▶ Dataset excerpts:
──────
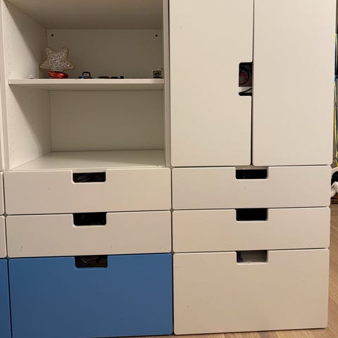 En möbelgrupp för barnrum med fyra delar, bestående av tre garderober och en byrå.
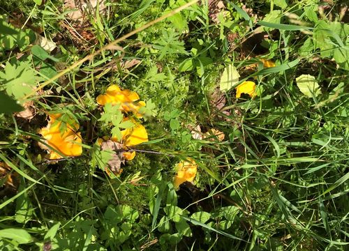 Foto: Schon auf dem Rückweg, dem Auto nahe, entdeckte Petra die goldgelben Flecken im Gras seitlich des Weges. Sollten das etwa...? Ja, Uwe und seine Glücksbringerin durften sich ganz unerwartet über schöne Pfifferlinge freuen. (2 Fotos © Uwe)
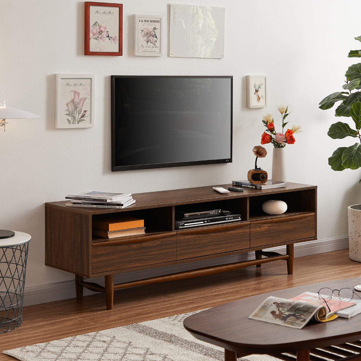 The Pierre TV unit features a combination of open shelves for easy access to all your necessities and discreet drawers to keep unsightly objects away from prying eyes.
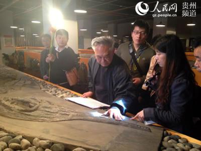 专家在测量一块约十米长的鱼龙化石 (中国化石网报道)据人民网贵阳4月1日电(赵...
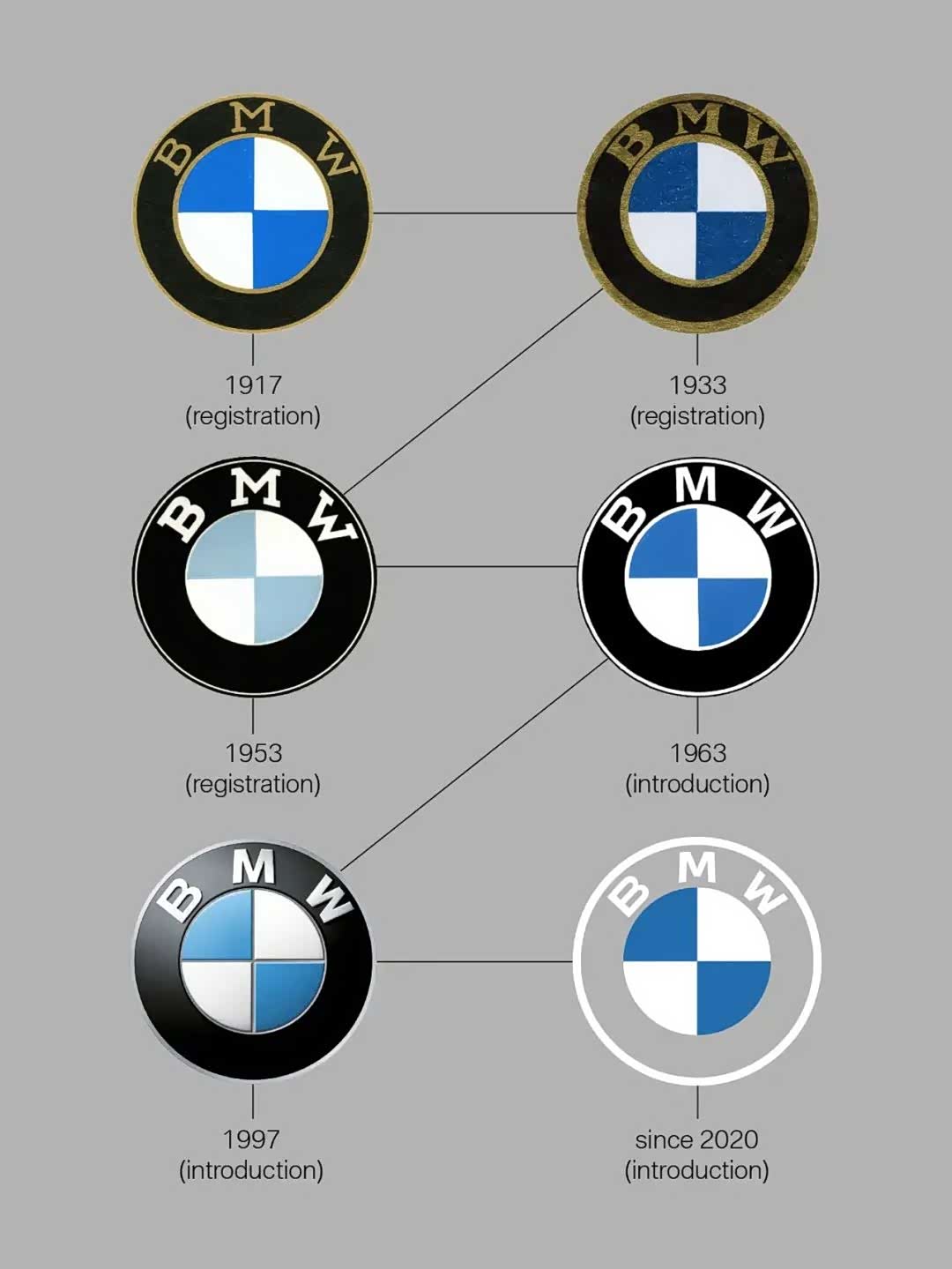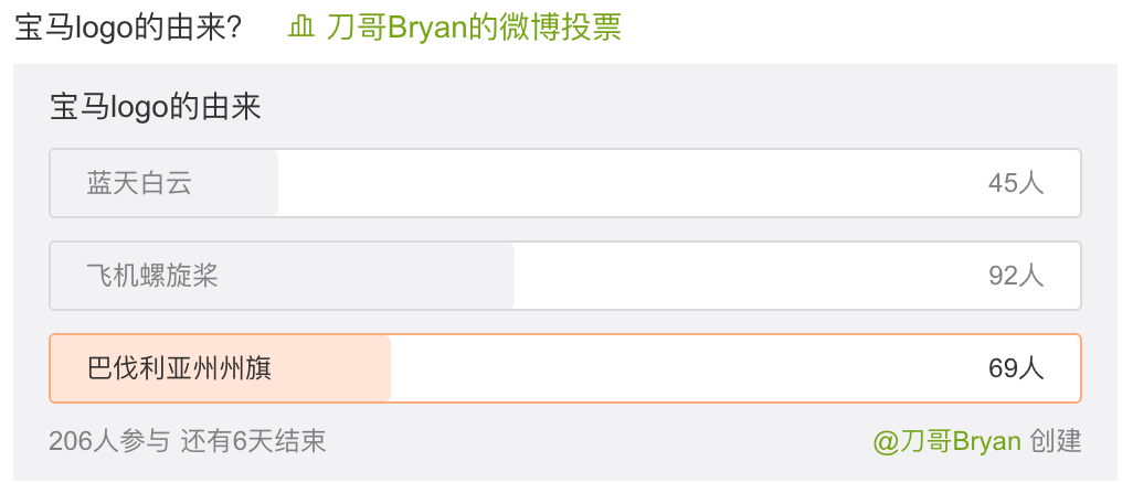 在准备写这篇文章之前,我在微博上做了一个小调查,结果不出所料。从1917年创厂至今,总共只发布过6次LOGO。但多年以来,不少人都以为LOGO的由来是源自过往生产飞机发动机起家的历史,LOGO以白色的飞机螺旋桨,搭配蓝色晴朗的天空,但其实根本不是如此。
──────
▶ Task to carry out: Your answer must be an exact copy of the lines from the start of the entries through the line with "Foto: Schon auf", with no pictures.

▶ Answer area:
 En möbelgrupp för barnrum med fyra delar, bestående av tre garderober och en byrå.
 Foto: Schon auf dem Rückweg, dem Auto nahe, entdeckte Petra die goldgelben Flecken im Gras seitlich des Weges. Sollten das etwa...? Ja, Uwe und seine Glücksbringerin durften sich ganz unerwartet über schöne Pfifferlinge freuen. (2 Fotos © Uwe)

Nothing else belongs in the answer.